OK that turned out to be a red herring. :-)

The logging format is already consistent with the regular expressions in treeherder, and treeherder is able to correctly deduce which lines are from the task process, and which are from the worker reporting on the task.

The problem is more subtle, which is that currently the design is that treeherder strips out worker internal log messages from the log file, and parses log lines which are from the process standard out/err. It explicitly searches for lines with the [taskcluster <timestamp>] format, and removes them, before parsing.

I'm not sure how task abortion is detected in the docker-worker case, as I'd expect it to hit the same problem.
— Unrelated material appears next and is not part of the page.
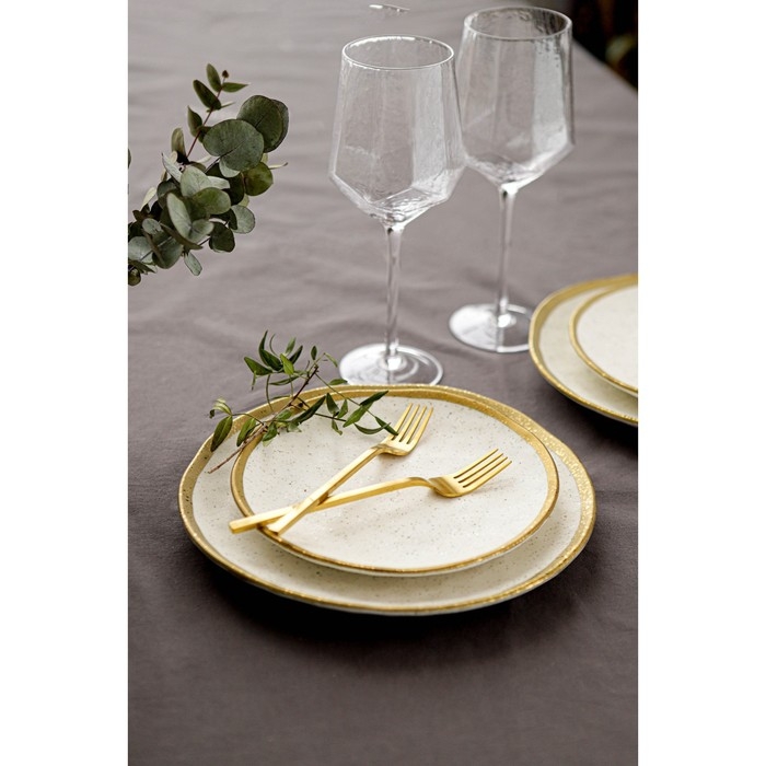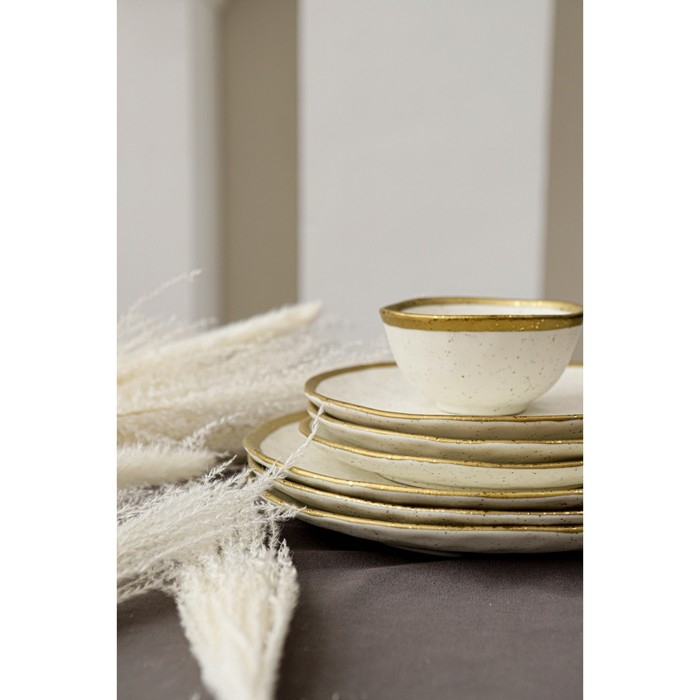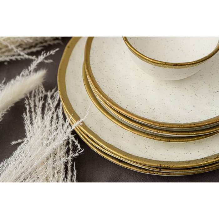 Посуда серии Magistro Poursephona — это современная фарфоровая посуда. В оформлении серии превалируют два цвета – бежевый оттенок фарфора и роскошное золото в виде широкой окантовки предметов. Идеально подходит как для формального обеда, так и для торжеств по особым случаям. Лаконичные формы, золотая окантовка, разноцветные вкрапления придают изделиям из фарфора одновременно необычный и современный вид.

Perhaps in such cases the lines are reported with [taskcluster:error <timestamp>] or something similar. If that is the case, I can make generic-worker do the same.

Philor, do you know what the equivalent log lines from docker-worker look like? Is there a bug with links to timed-out docker worker logs? Thanks!

Flags: needinfo?(philringnalda)

Pete Moore [:pmoore][:pete]

Assignee

Comment 12

•

6 years ago

With Ed's help (thanks Ed!) and looking more thoroughly into this, it looks like the timestamp isn't a problem, that will get stripped ok, the problem is that there is no standard error indicator on the line like 'taskcluster:error' to show that this is an error line, as opposed to a regular unimportant logging line.

Ed did unearth a problem, that there is a bug in the treeherder parsing that means [taskcluster <timestamp>] will get stripped, but [taskcluster:error <timestamp>] will be recognised as an error line but the timestamp won't get stripped.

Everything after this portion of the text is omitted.